In [1]:
import pandas as pd
import re
import string

In [2]:
train_df = pd.read_csv("train_data.csv")
val_df = pd.read_csv("val_data.csv")
test_df = pd.read_csv("test_data.csv")

In [3]:
for df in [train_df, val_df, test_df]:
    if "Unnamed: 0" in df.columns:
        df.drop(columns=["Unnamed: 0"], inplace=True)

In [4]:
def clean_text(text):
    if pd.isnull(text):
        return ""
    text = text.lower() # Lowercase
    text = re.sub(r'http\S+', '', text) # Remove URLs
    text = re.sub(r'@[A-Za-z0-9_]+', '', text) # Remove mentions
    text = re.sub(r'#[A-Za-z0-9_]+', '', text) # Remove hashtags
    text = re.sub(r'[%s]' % re.escape(string.punctuation), ' ', text) # Remove punctuation
    text = re.sub(r'\d+', '', text) # Remove numbers
    text = re.sub(r'\s+', ' ', text).strip() # Remove extra spaces
    return text

In [5]:
train_df["clean_text"] = train_df["text"].apply(clean_text)
val_df["clean_text"] = val_df["text"].apply(clean_text)
test_df["clean_text"] = test_df["text"].apply(clean_text)

In [10]:
print("Original vs Cleaned Example:")
for i in range(2):
    print("\nBefore: ", train_df.loc[i, "text"])
    print("\nAfter: ", train_df.loc[i, "clean_text"])
    print("\n" + "-"*90 + "\n")

Original vs Cleaned Example:

Before:  All my life i've been going through shit (only 17 years old) and when things started to get better i crashed. I can't get myself to get out of bed no matter how much i try, my family understands but do still not approve since my grades dropped from all A's to E-C. It has been like this for 1-2 years now and none of my friends understands how It's like, I can't really blame them either since I don't like talking about it and i've always been taught to be a man and keep this stuff to myself. They just see a lazy fuck who is too irresponsible to go too school, same with my teachers. Idk if typing here is going to help at all but if anyone has some tips/advice on how to get motivated again i would be super happy.

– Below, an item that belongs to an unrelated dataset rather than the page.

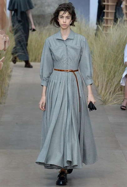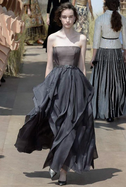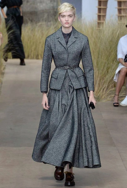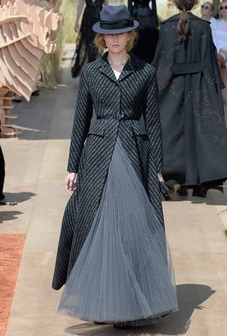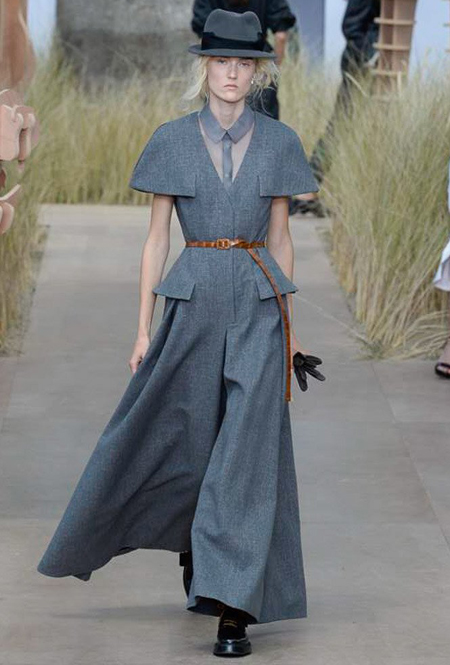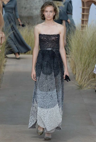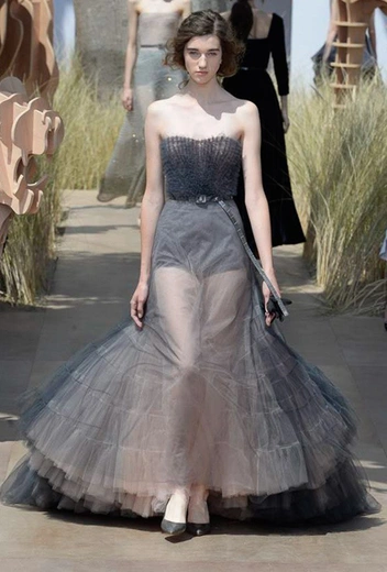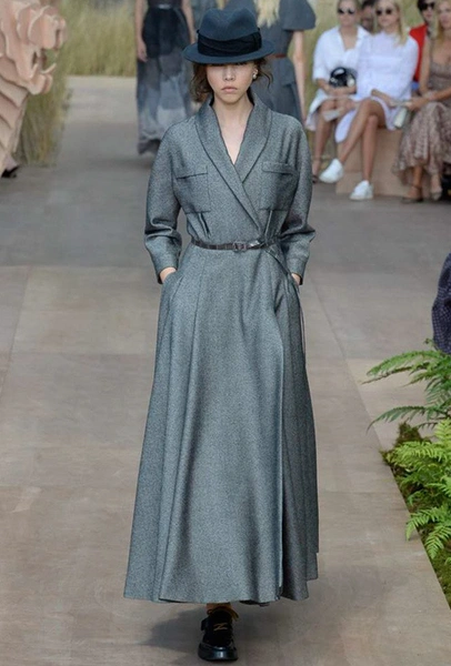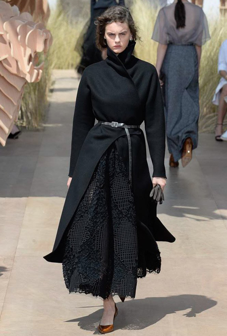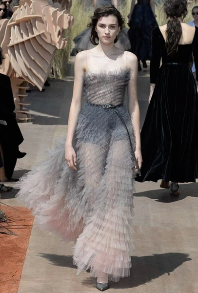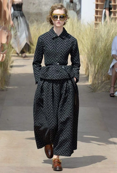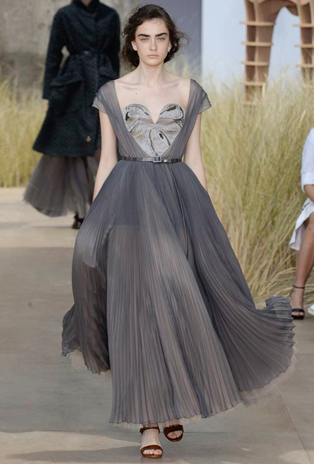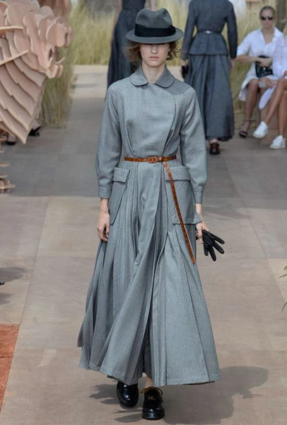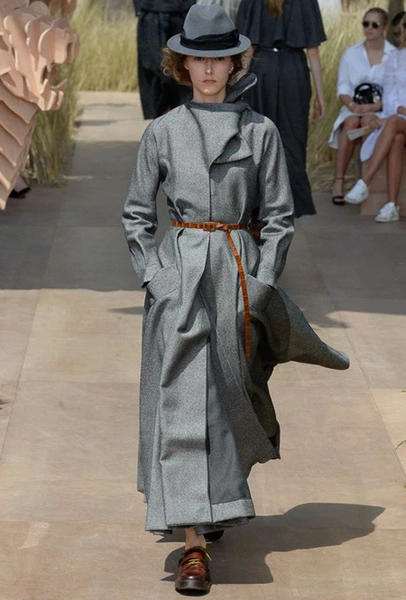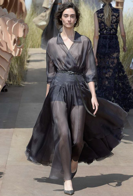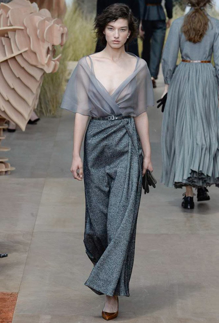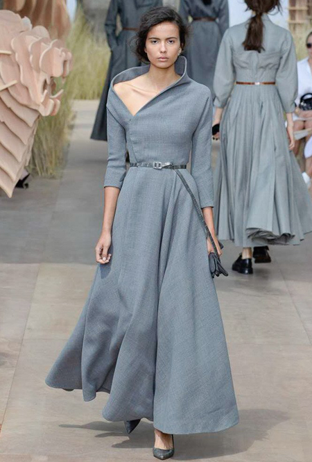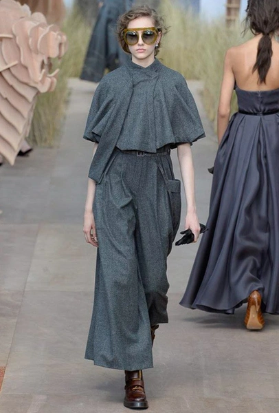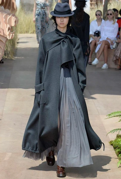 Началось шоу с оды всем оттенкам серого – от цвета мокрого асфальта до голубоватого оттенка дыма, стелящегося из печной трубы. Вещи из плотной шерсти и джерси – длинные платья и юбки, жакеты и пальто – напоминают дорожные костюмы, в которых путешествовали аристократки в XIX-м веке. Из серой ткани и невесомые полупрозрачные вечерние туалеты, их Кьюри приберегла для середины и финала показа. На них она демонстрирует все разнообразие приемов кроя и отделки – драпировки, кружево, плиссе, оборки, рюши, аппликации. Серый здесь часто уже не однородный, а в виде сложного деграде с переходами от светлого с темному.

After:  all my life i ve been going through shit only years old and when things started to get better i crashed i can t get myself to get out of bed no matter how much i try my family understands but do still not approve since my grades drop

In [11]:
train_df['clean_length'] = train_df['clean_text'].str.split().apply(len)
print("\nAverage text length (words):", train_df['clean_length'].mean())


Average text length (words): 122.06541582150102


In [14]:
train_df.to_csv('train_data_cleaned.csv', index=False)
val_df.to_csv('val_data_cleaned.csv', index=False)
test_df.to_csv('test_data_cleaned.csv', index=False)